*** Opening of Given records ***

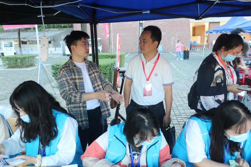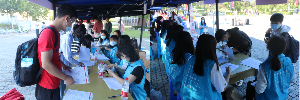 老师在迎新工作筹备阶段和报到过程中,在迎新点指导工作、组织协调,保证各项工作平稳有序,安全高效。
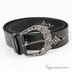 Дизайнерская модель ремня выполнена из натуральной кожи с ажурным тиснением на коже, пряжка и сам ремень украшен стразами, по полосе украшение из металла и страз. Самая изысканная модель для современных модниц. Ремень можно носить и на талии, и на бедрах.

*** Close of Given records ***
*** Opening of Given records ***

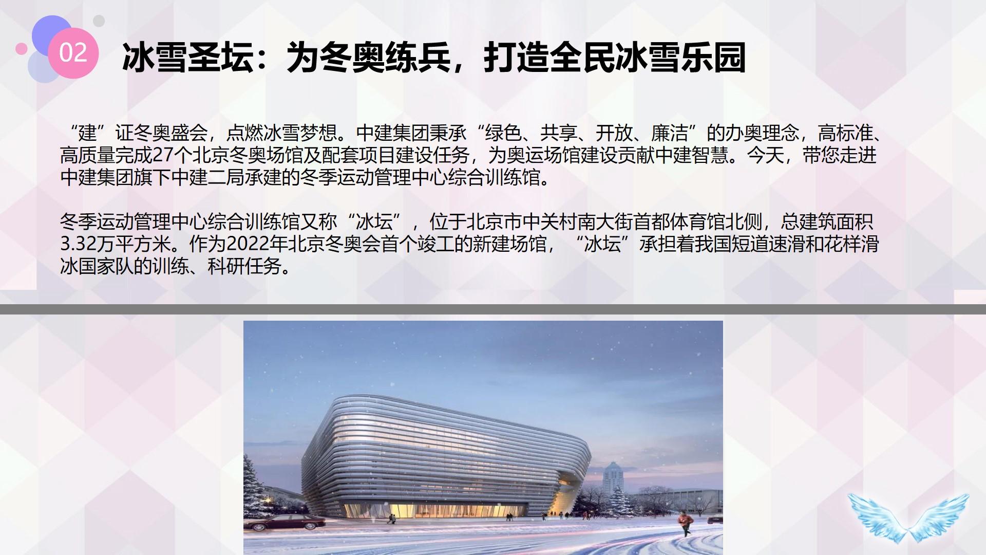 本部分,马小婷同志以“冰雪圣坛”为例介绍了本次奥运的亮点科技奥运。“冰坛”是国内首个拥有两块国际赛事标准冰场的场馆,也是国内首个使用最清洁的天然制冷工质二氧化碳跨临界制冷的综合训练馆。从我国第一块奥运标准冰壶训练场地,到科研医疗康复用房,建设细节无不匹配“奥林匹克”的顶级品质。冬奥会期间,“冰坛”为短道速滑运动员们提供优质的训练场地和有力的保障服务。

*** Close of Given records ***

■ **Required action**
Text only, no pictures: please print exactly the lines above from the line with "老师在迎新工作筹备阶段和报到" up to and including the line with "Дизайнерская модель ремня", and nothing else.

■ **Answer to this task**
 老师在迎新工作筹备阶段和报到过程中,在迎新点指导工作、组织协调,保证各项工作平稳有序,安全高效。
 Дизайнерская модель ремня выполнена из натуральной кожи с ажурным тиснением на коже, пряжка и сам ремень украшен стразами, по полосе украшение из металла и страз. Самая изысканная модель для современных модниц. Ремень можно носить и на талии, и на бедрах.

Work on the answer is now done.